- _Data supplied_
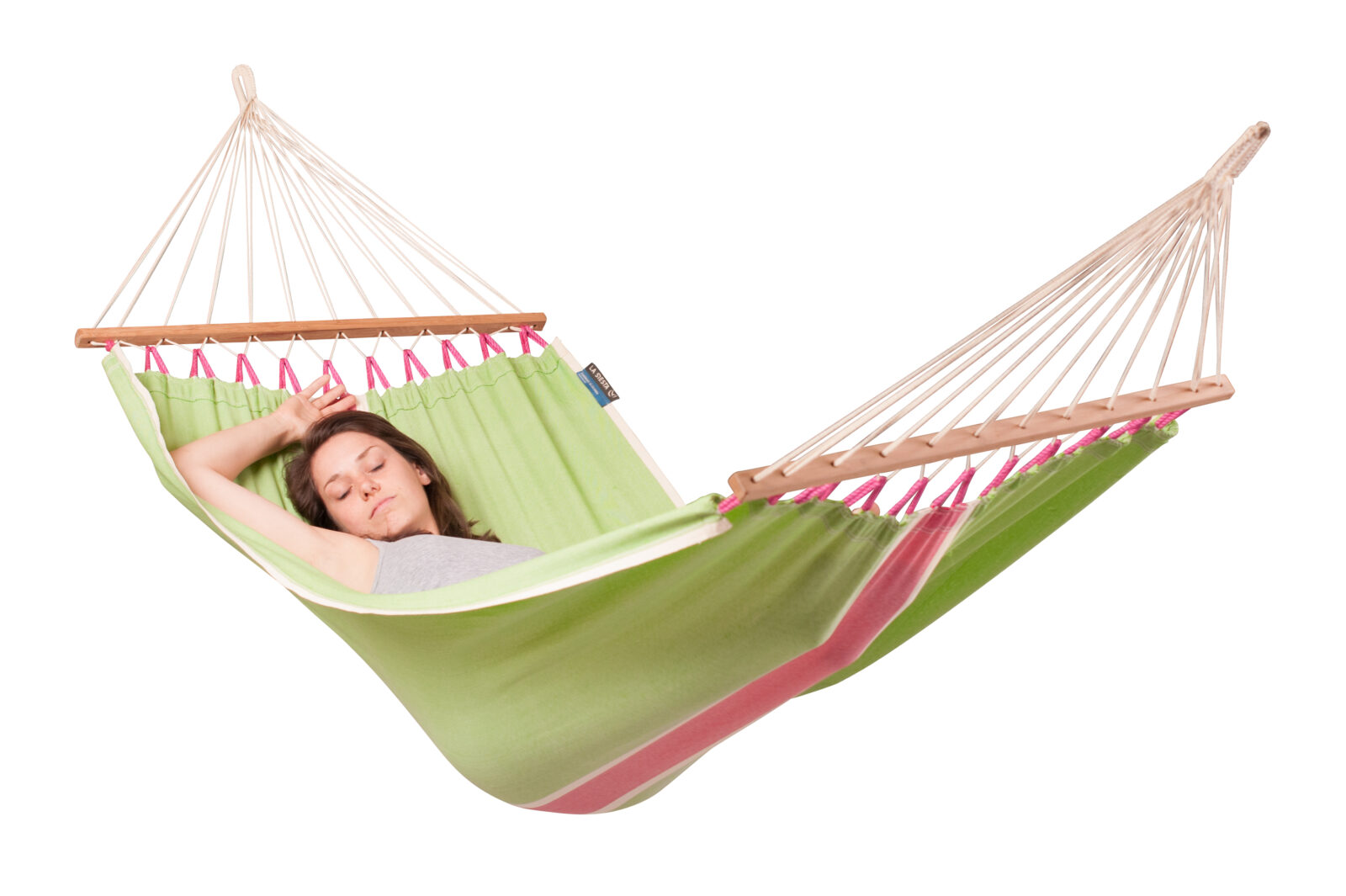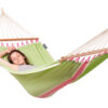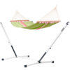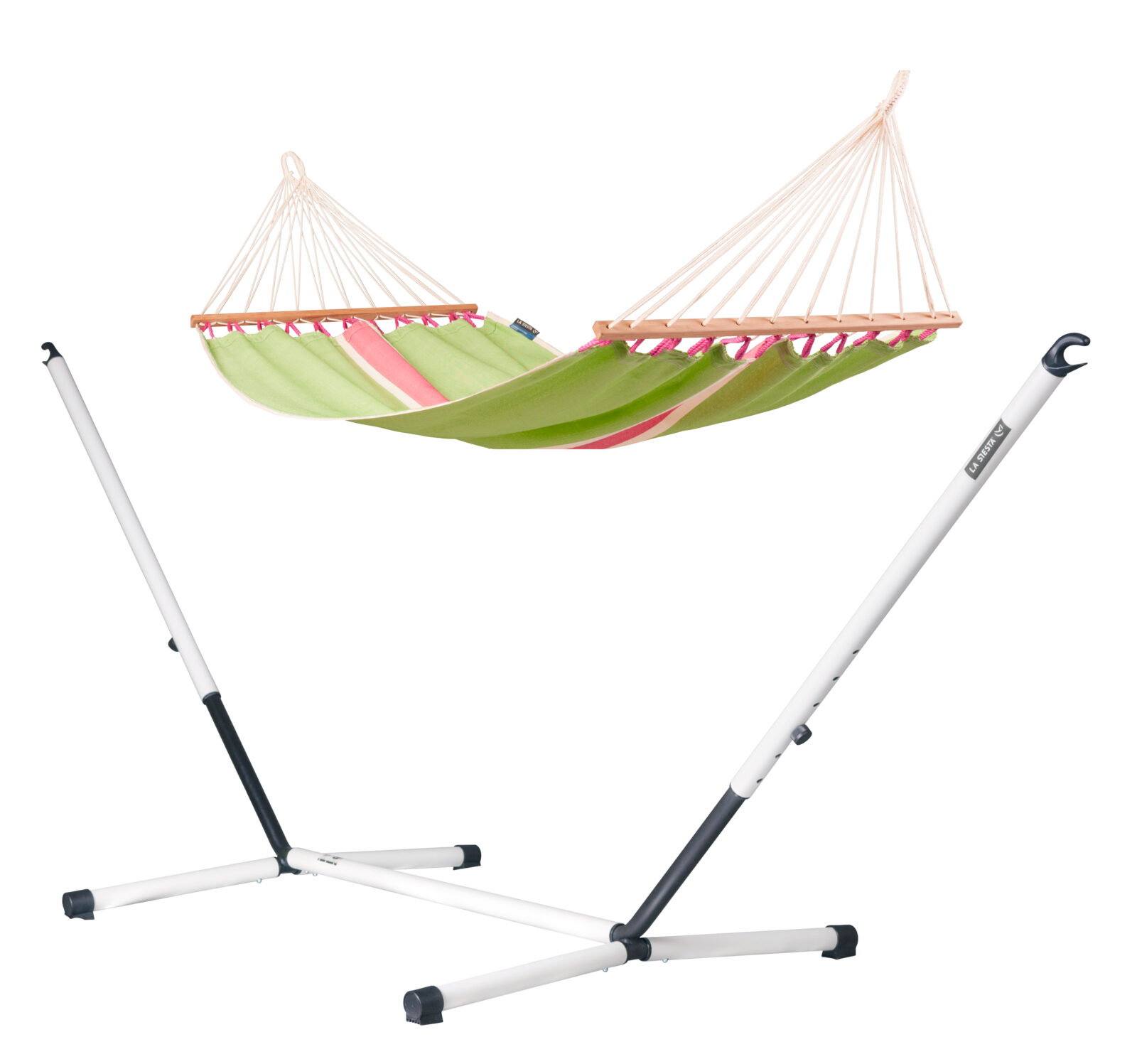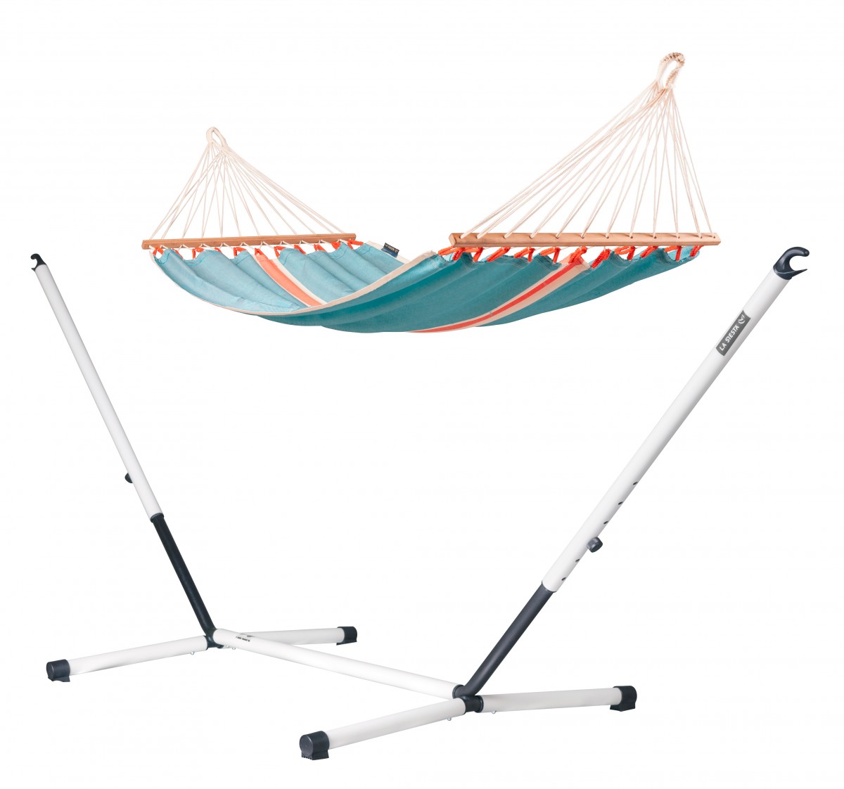 Convenience and classy looks collide in this rather fetching two piece. We have our old favourite, the Beachlife hammock with it’s slightly deck-chair looks and it’s weatherproof Hamatex fabric (it feels like cotton), the quality of this hammock is easy to see from the detail in the stitching and the fabric loop to the bamboo spreader bars. It’s a nice one. Full details here
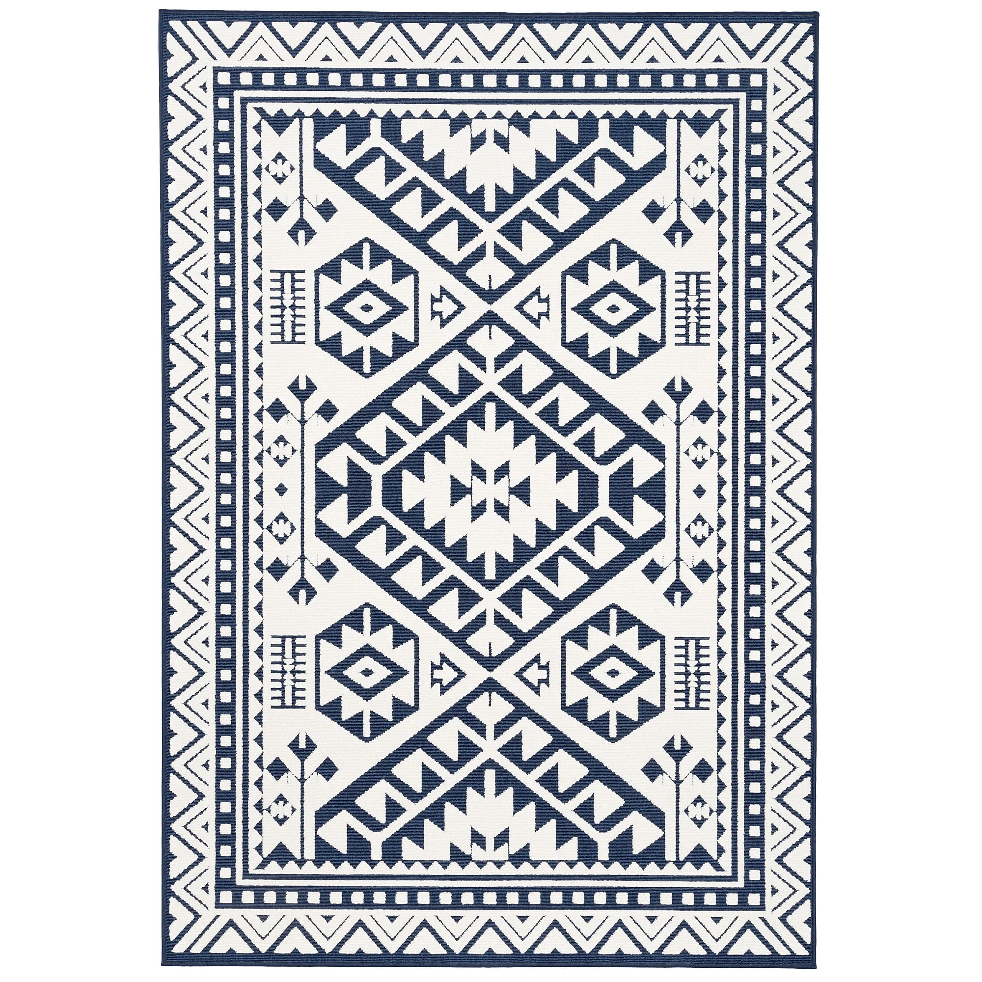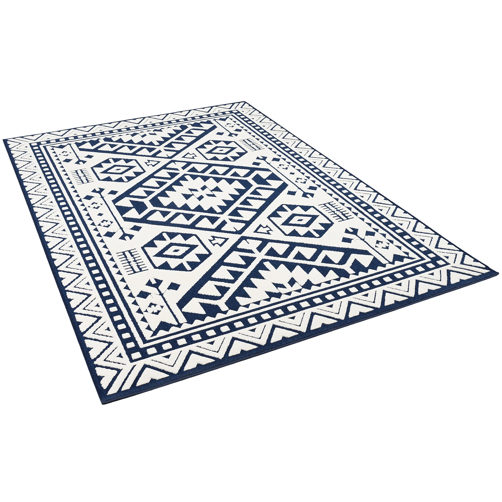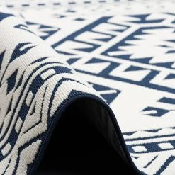 Pergamon In- Und Outdoor Teppich Santorin Ethno Bordüre In Blau
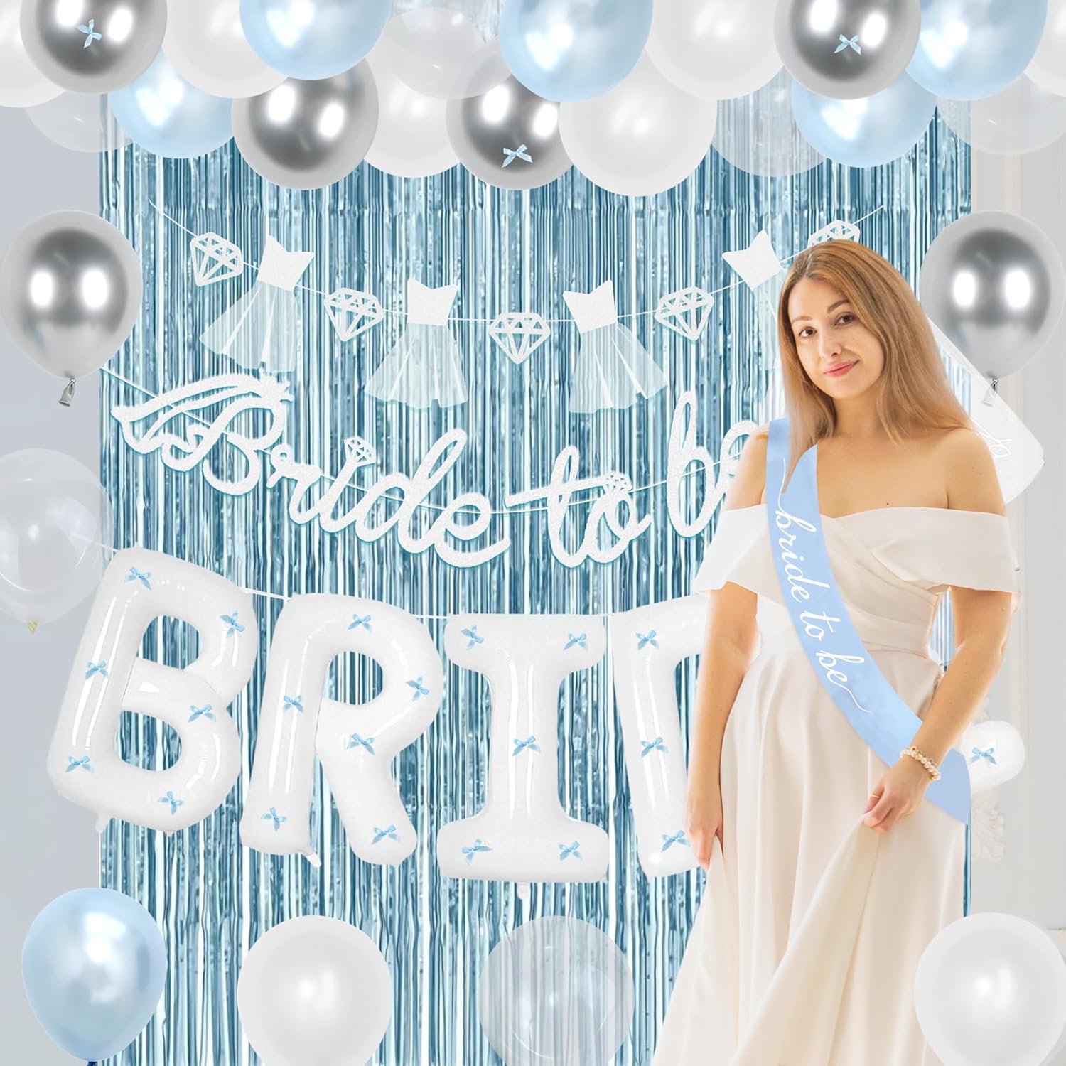 - 【Bachelorette Party Set】: Includes 1pcs white “bride to be” banner, 1pcs fun Bridal Veil Pattern hang banner, 1pcs light blue sash, 1pcs white Bridal Veil (with fixation), 2pcs light blue Foil Curtain, 20pcs 12-inch latex balloons, 1pcs 40-inch letter BRIDE aluminum model balloon , 30pcs blue butterflies, 1pcs rope, 1pcs glue; Choosing light blue bachelorette decorations can to your Bachelorette Party dress, making it the best choice for hosting a perfect bachelorette Party. Take beautiful and warm photos with him/her, family and friends, and leave elegant and dreamy memories.
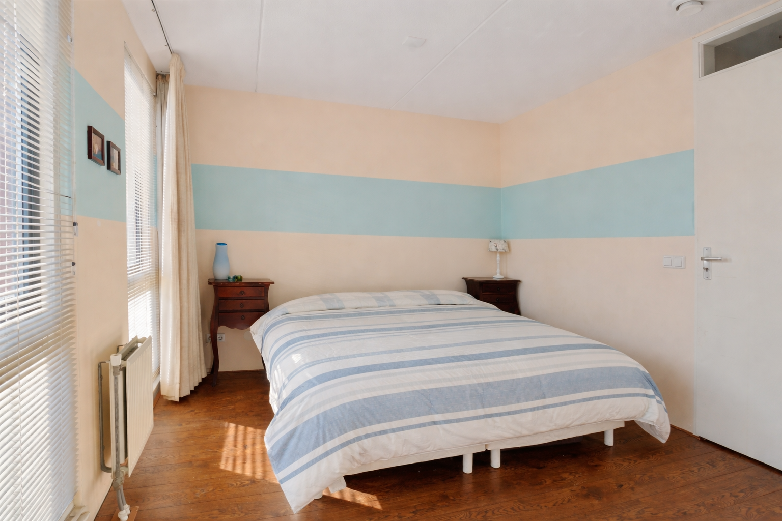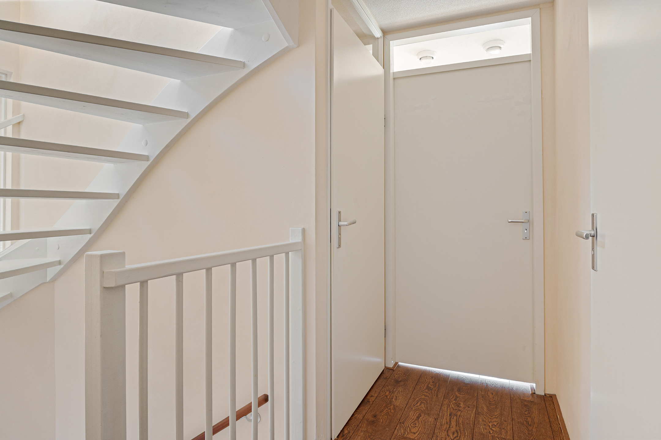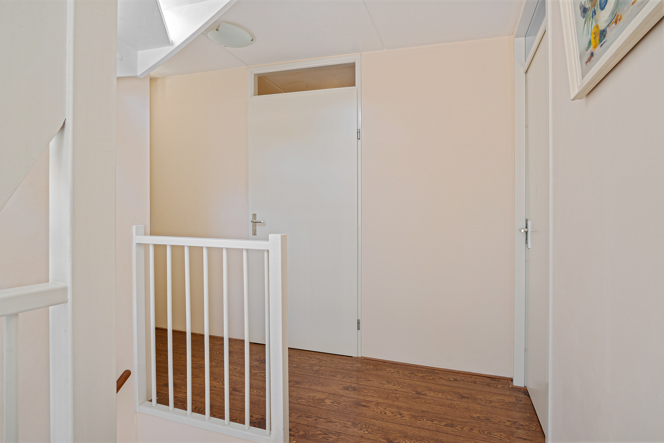 Via de overloop bereik je de drie slaapkamers. De hoofdslaapkamer ligt aan de voorzijde van de woning en beschikt over een praktische vaste kast.
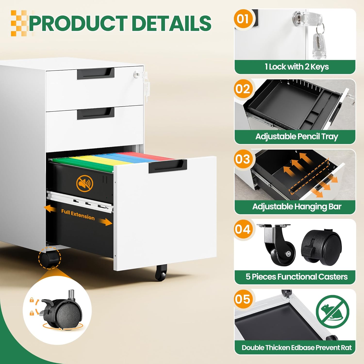 - 【Easy to Move】: The file cabinet is equipped with 4 lockable swivel casters and 1 anti-tilt Caster in front . Middle caster prevents tipping over when all drawers opened at the same time. You can move file cabinet smoothly with 5 rolling casters to anywhere you want.

- _About this exercise_
Repeat only the lines from the one with "Via de overloop" through the end of the data, both included and exactly as written. Pictures stay out of the copy.

- _Response below_
 Via de overloop bereik je de drie slaapkamers. De hoofdslaapkamer ligt aan de voorzijde van de woning en beschikt over een praktische vaste kast.
 - 【Easy to Move】: The file cabinet is equipped with 4 lockable swivel casters and 1 anti-tilt Caster in front . Middle caster prevents tipping over when all drawers opened at the same time. You can move file cabinet smoothly with 5 rolling casters to anywhere you want.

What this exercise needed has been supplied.